Monday, June 26th, 2017 | Posted by John ONeill

The Worlds of Jack Vance-small The Worlds of Jack Vance-back-small

We live in an age where an astonishing amount of pulp science fiction and fantasy is readily available, both in print and digital formats. Want to read the complete stories of Leigh Brackett, or Fredric Brown, or Robert E. Howard, or Clark Ashton Smith, or Harold Lamb, or dozens of other fabulous pulp writers? For the first time in decades, they’re all available in handsome permanent editions and digital compilations. As well as inexpensive pulp reprints, if that’s your thing. And if you’re a serious collection who really wants the joy of tracking down each story in its original format… well, that’s easier than ever as well, thanks to online sites like eBay and Amazon.

So really, if you’re a fan of 20th Century SF and fantasy, you don’t have much to complain about. Unless, like me, you remember mass market collections and anthologies. Gone are the days when books like The Worlds of Jack Vance would line bookstore shelves, and that’s a shame.

The Words of Jack Vance is a delightful collection of some of the very best of Vance’s early fiction, including “The Moon Moth” (1961), one of his most brilliant stories, alongside three Magnus Ridolph tales, a novella in his Nopalgarth story cycle, and four other stories.
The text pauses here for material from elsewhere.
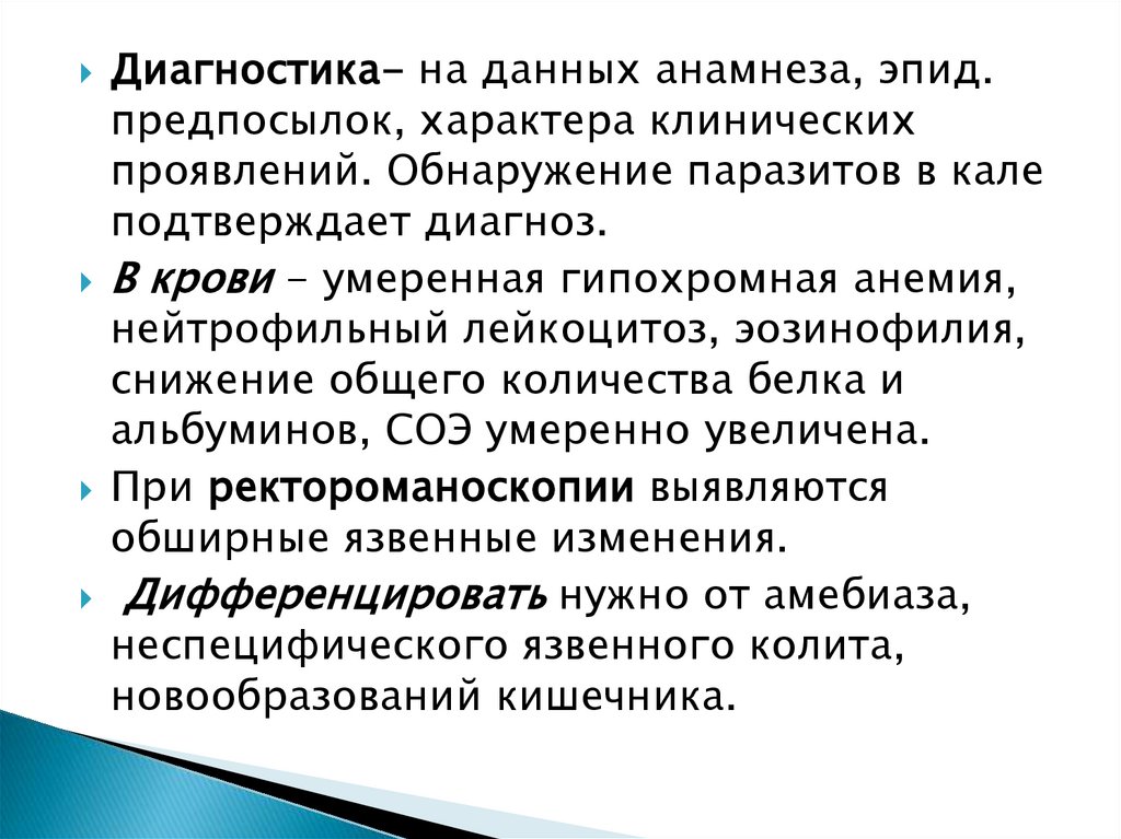 Дифференцировать нужно от амебиаза,

It’s terrific introduction to one of the most gifted fantasists of the 20th Century. Sure, there are similar collections published today — the five volumes of The Early Jack Vance from Subterranean Press, for example. But they cost $45 each, which means not too many people (if any) will be buying them to try Vance for the first time. That Ace paperback? It’s $1.25.

So yeah, gone are the days when reprint collections sold in mass market paperback, and anyone could afford them. But that’s okay. Because paperback copies of The Worlds of Jack Vance — and much of his back catalog, in fact — are still available, and much of it is surprisingly affordable. For example, last time I checked there were no less than three copies of The Worlds of Jack Vance offered on eBay, starting at $4.95.

That’s less than the price of a new paperback. So maybe we don’t have anything to complain about after all.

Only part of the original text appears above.